The rationale behind punishing juveniles is predominantly rehabilitative and educative. This is best reflected by the strong role welfare agencies have in dealing with juvenile offenders as well as the sanctions applied to juvenile offenders: ever since 1959 the predominant role has been given to educational measures, and among those to nonresidential ones. The upsurge in the use of residential educational measures in recent years might, however, be an indicator that the tide may be turning. It is still early to make such claims, especially without detailed analyses of the reasons for such a sentencing stance, but the trend is certainly worth monitoring in the future, from academics and authorities alike. Luckily the trend has not extended to juvenile imprisonment, which remains very scarcely and carefully applied.

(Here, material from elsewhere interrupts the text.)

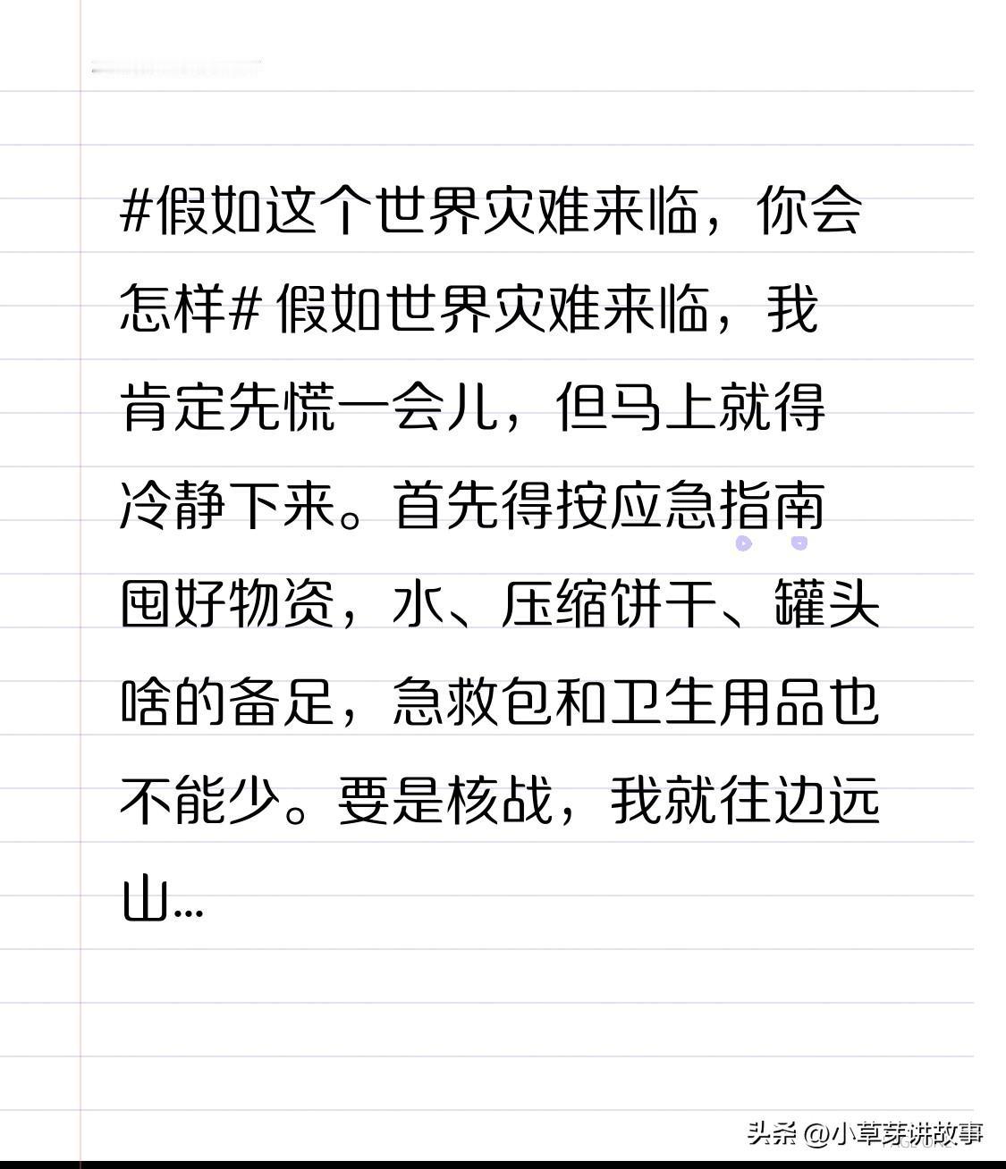 若世界灾难降临,我会先慌乱片刻,随后迅速冷静。按应急指南囤好物资,水、压缩饼干、罐头等备齐,急救包和卫生用品也不可或缺。 核战爆发,就前往边远山区或像重庆近120米深地铁站躲避;地震时,使用逃生绳与护目镜;洪涝则靠漂浮救生绳和防水挡板保命。 家人安全首位,带他们一同躲避。确保自身安全后,能帮则帮。不过届时情况难料,只能随机应变。

The changes in sanctioning juveniles are especially important when put in the context of steadily diminishing numbers of juvenile offenses and offenders, both in numbers and proportions of all offenders in the system. Moreover, there has been no increase in the number or proportion of violent crimes that would warrant a tougher response, quite the opposite: as the number of all juvenile offenses is dropping and the proportion of violent crimes remains the same, there are actually less violent crimes being committed by juveniles every year.

There is no easy explanation for this welcomed trend, but it seems that looking for the reasons and drivers behind it might be worthwhile not only for the Slovenian context, but for a comparative context as well.